**Action item**: Transcribe only the lines of the listing below from the one holding "La Riviera Maya, Cancún, Cozumel" through the one holding "El conteo de", inclusive, without any change.

*** Opening Provided information ***

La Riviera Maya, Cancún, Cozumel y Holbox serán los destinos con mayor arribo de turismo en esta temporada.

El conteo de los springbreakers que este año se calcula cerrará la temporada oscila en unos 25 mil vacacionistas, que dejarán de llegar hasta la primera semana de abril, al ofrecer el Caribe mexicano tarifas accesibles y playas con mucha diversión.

*** Closing Provided information ***
*** Opening Provided information ***

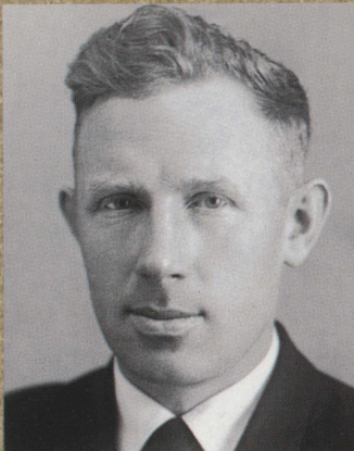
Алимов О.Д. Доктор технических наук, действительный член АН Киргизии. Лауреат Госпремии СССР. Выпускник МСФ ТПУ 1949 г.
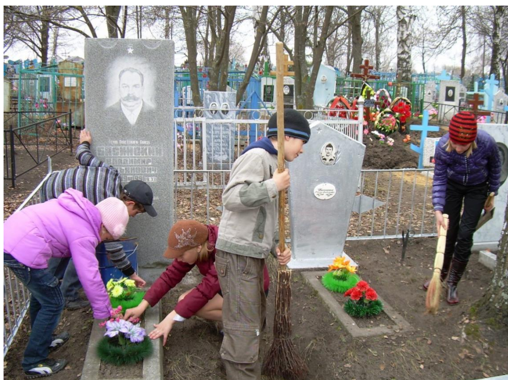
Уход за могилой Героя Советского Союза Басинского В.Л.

*** Closing Provided information ***

**Result of the exercise**:
La Riviera Maya, Cancún, Cozumel y Holbox serán los destinos con mayor arribo de turismo en esta temporada.

El conteo de los springbreakers que este año se calcula cerrará la temporada oscila en unos 25 mil vacacionistas, que dejarán de llegar hasta la primera semana de abril, al ofrecer el Caribe mexicano tarifas accesibles y playas con mucha diversión.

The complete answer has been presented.